Biogen to Pay Denali $1B to Partner on Parkinson’s Drug & Other Neuro Meds

Xconomy San Francisco — 

Denali Therapeutics has selected a brain-penetrating Parkinson’s disease drug candidate to advance to late-stage testing, and Biogen is paying $1 billion to kick off a partnership on that compound and potentially others.

According to terms of the deal announced Thursday, the companies will co-develop the small molecule, dubbed DNL151. Biogen (NASDAQ: BIIB) also gains options to develop two additional programs, and the right of first negotiation on two others—all of them for neurodegenerative diseases. Those compounds use Denali’s proprietary technology for delivering drugs across the blood-brain barrier.

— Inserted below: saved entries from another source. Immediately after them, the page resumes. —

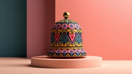 Colorful ornate decorative object on geometric background for interior design inspiration
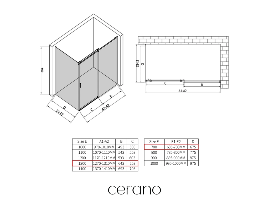 V rámci této série nabízíme širokou škálu rozměrů, abychom uspokojili různé potřeby našich zákazníků. Všechny sprchové kouty, dveře a zástěny značky CERANO jsou plně kompatibilní se sprchovými vaničkami CERANO ve stejných rozměrech, což zajišťuje bezproblémovou instalaci a dokonalé sladění. Sprchový kout lze navíc instalovat flexibilně – buď na odpovídající sprchovou vaničku, nebo přímo na podlahu podle vašich preferencí a možností koupelny.
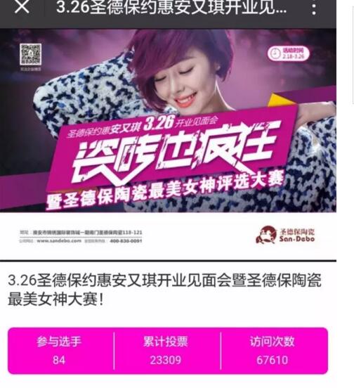 “瓷磚也瘋狂”蘇北聯動,圣德保微信平臺推出“3.8女神節大賽”專題活動,創高達9萬訪問量,累計投票次數達3萬多票,引爆終端活動。小投入,大產出;新模式,快傳播,領秀同行。
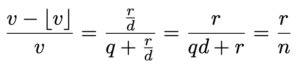 The real (mathematical) division result v is n / d = q + r / d, while the integer division result (as performed in Solidity) is ⌊v⌋ = q.
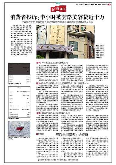 记者暗访发现,美容机构为促成美容贷损招尽出,律师称可向消费者协会投诉 “医疗美容广告写着1折整容,结果到美容院后发现不是这个价,半小时被忽悠贷款近十万块”……近日,新快报记者接到市民报料称
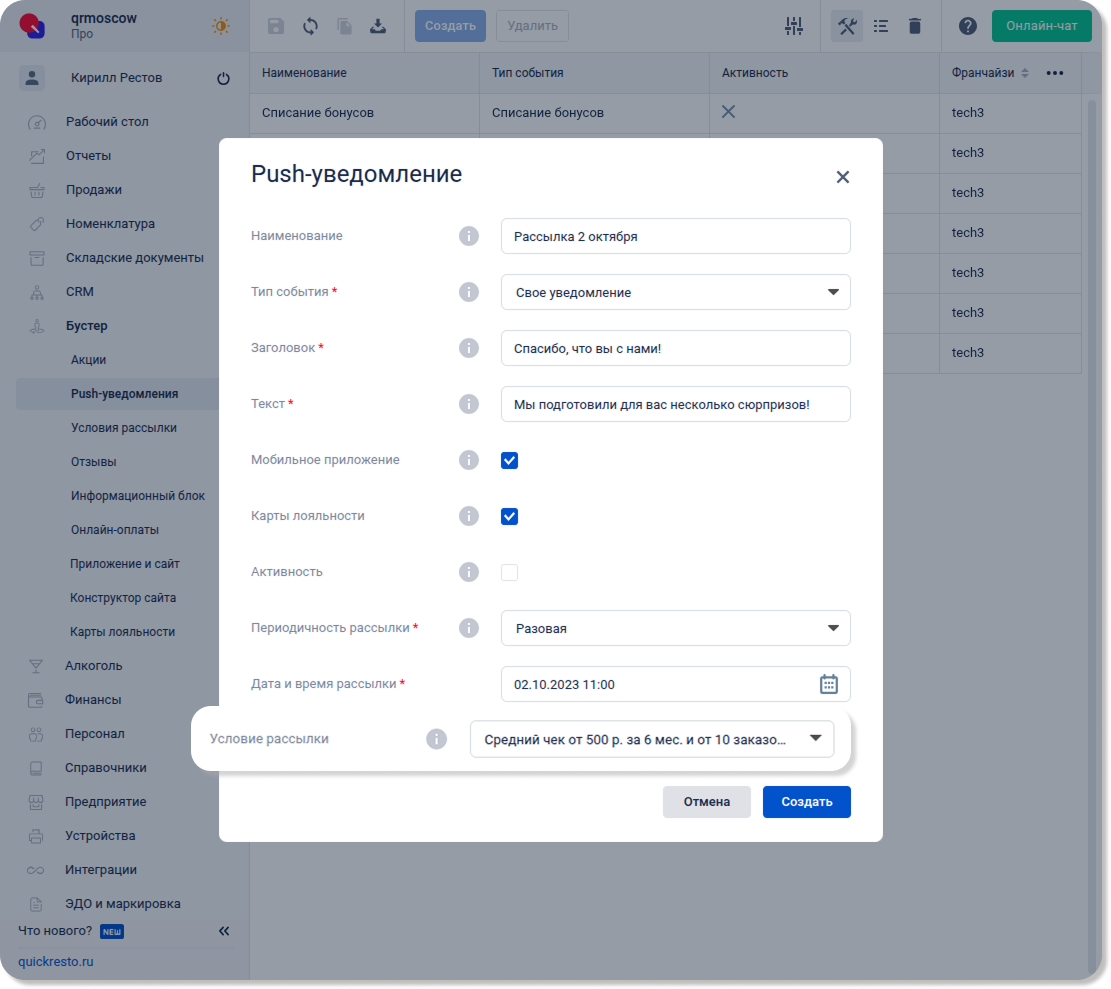 Затем, чтобы отправить уведомление с этими условиями рассылки, переходим в раздел Бустер — Push-уведомления, создаем новое уведомление и указываем в его параметрах набор, который мы создали. Подробнее о создании и отправке уведомлений.
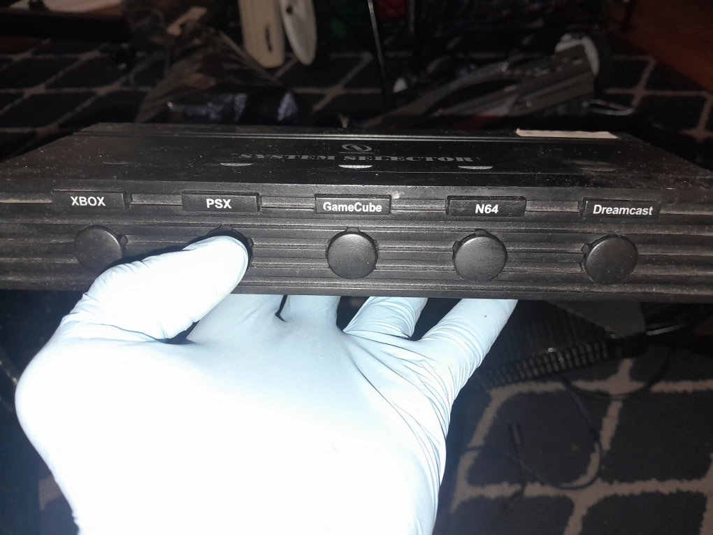 Used Interface brand system selector. Works with five consoles: Xbox, PSX, GameCube, N64, and Dreamcast. Black plastic. Shows some wear.
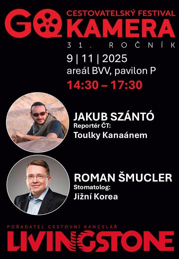 CESTOVATELSKÝ FESTIVAL GO KAMERA 8.11.- 11.11.2025 pořádá CK LIVINGSTONE. O nejlepší filmy, fotografie a zážitky z cest se dělí významné osobnosti rozmanitých oborů. Máte jedinečnou možnost setkat se známými cestovateli, dobrodruhy, horolezci, fotografy, lékaři nebo publicisty. www.gokamera.cz
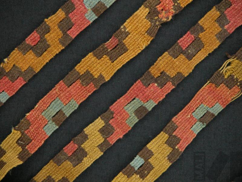 DescripciónCinta con diseños de semi cruz escalonada. Presenta flecos en un extremo
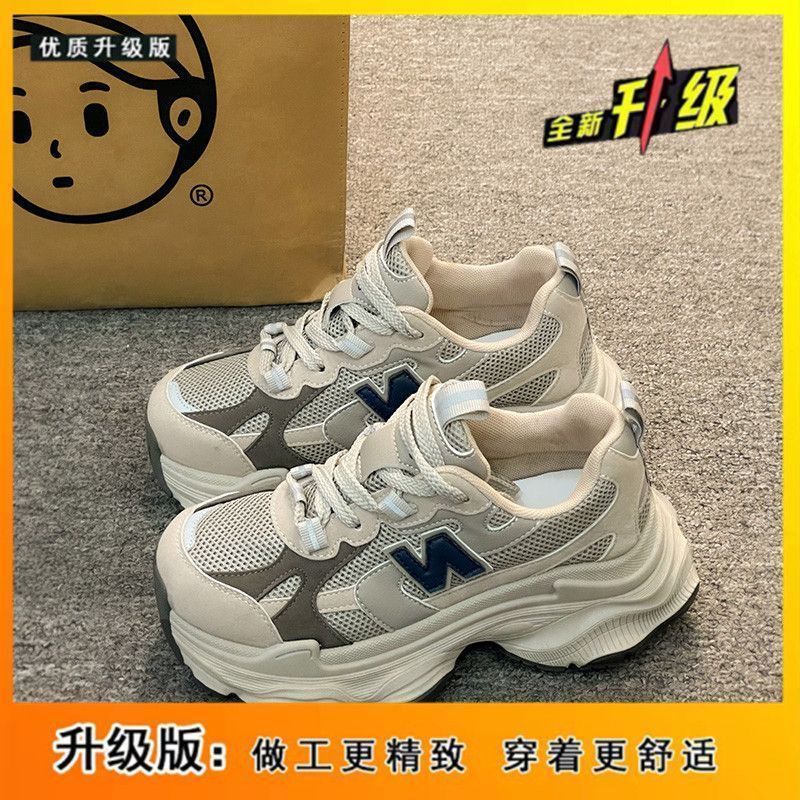 Обувь женская 2024 года, новая популярная осенняя тонкая дышащая обувь для пап, показывающая маленькую ногу, толстая подошва увеличивает рост, повседневная спортивная обувь
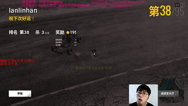 當時那盤游戲算得上是群魔亂舞了,一開始孫悟空跳學(xué)校撿裝備,在自己完全沒有暴露行蹤的情況下,就已經(jīng)有人一直往他這邊開槍。好不容易逃出了學(xué)校,開了一輛“蹦蹦”往圈子趕的時候,迎面飛來一輛汽車,孫悟空當機立斷選擇跳車殺人,結(jié)果槍都沒拔出來就顯示自己被對面撞死了。這就徹底把猴哥氣到了,他不停地調(diào)出后臺反復(fù)看回放,在確認自己確實是在沒被撞到的情況下被判定了死亡后,他直接點擊了作弊舉報,還無奈地表示,你們開掛牛,我也去買外掛還不行嗎?
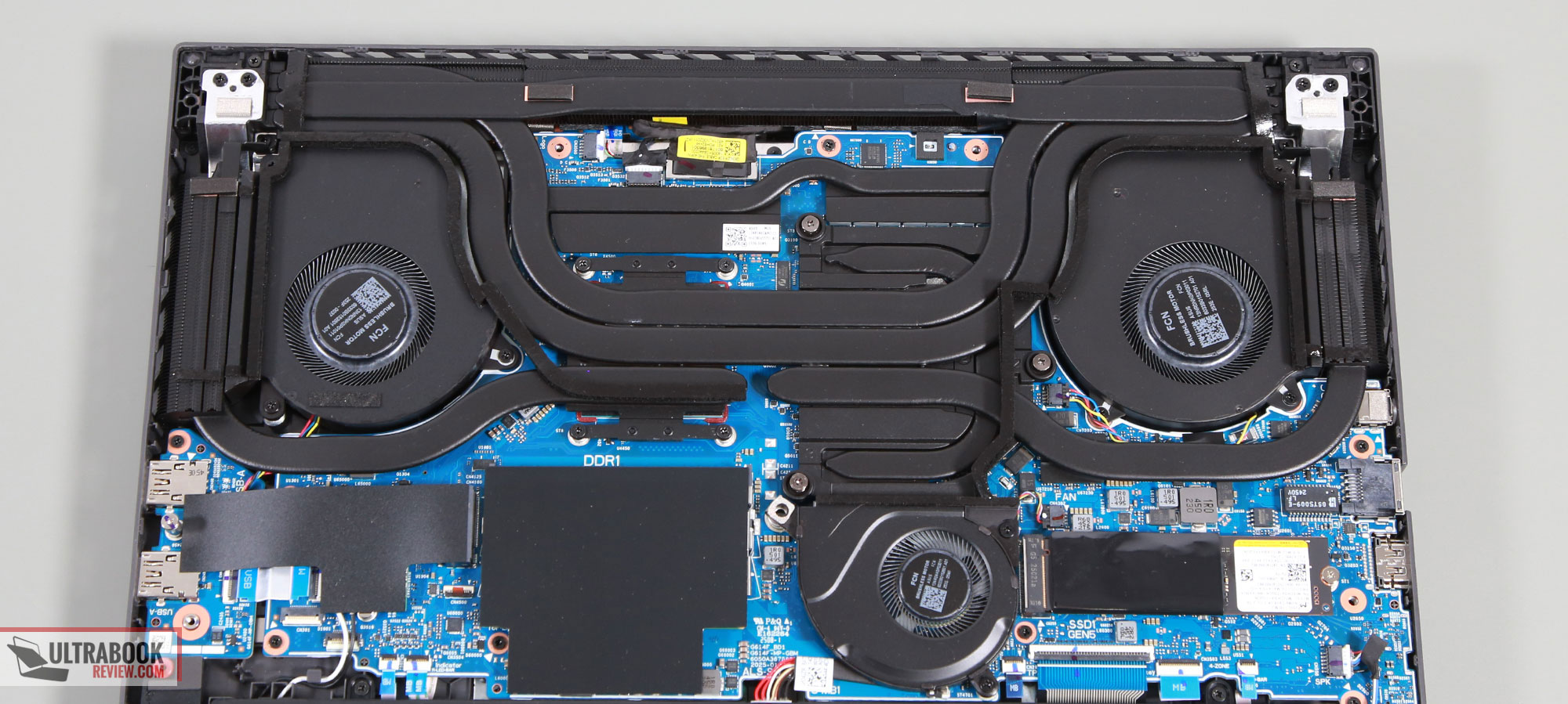 For memory and storage, the laptop comes with two accessible memory DIMMs and two M.2 2280 SSD slots – one of the slots supports PCIe 5.0 drives, but most of the retail models ship with gen4 drives anyway.

Biogen has agreed to pay Denali (NASDAQ: DNLI) $560 million cash up front. The Cambridge, MA-based drug maker is also making a $465 million equity investment in its new partner—a purchase of 13.3 million Denali shares for about $34.94 each. That price is a more than 50 percent premium to the South San Francisco company’s closing stock price on Wednesday. The investment will give Biogen an approximately 11 percent stake in Denali. Depending on the progress of the programs covered by the pact, Denali could earn up to $1.125 billion from milestone payments.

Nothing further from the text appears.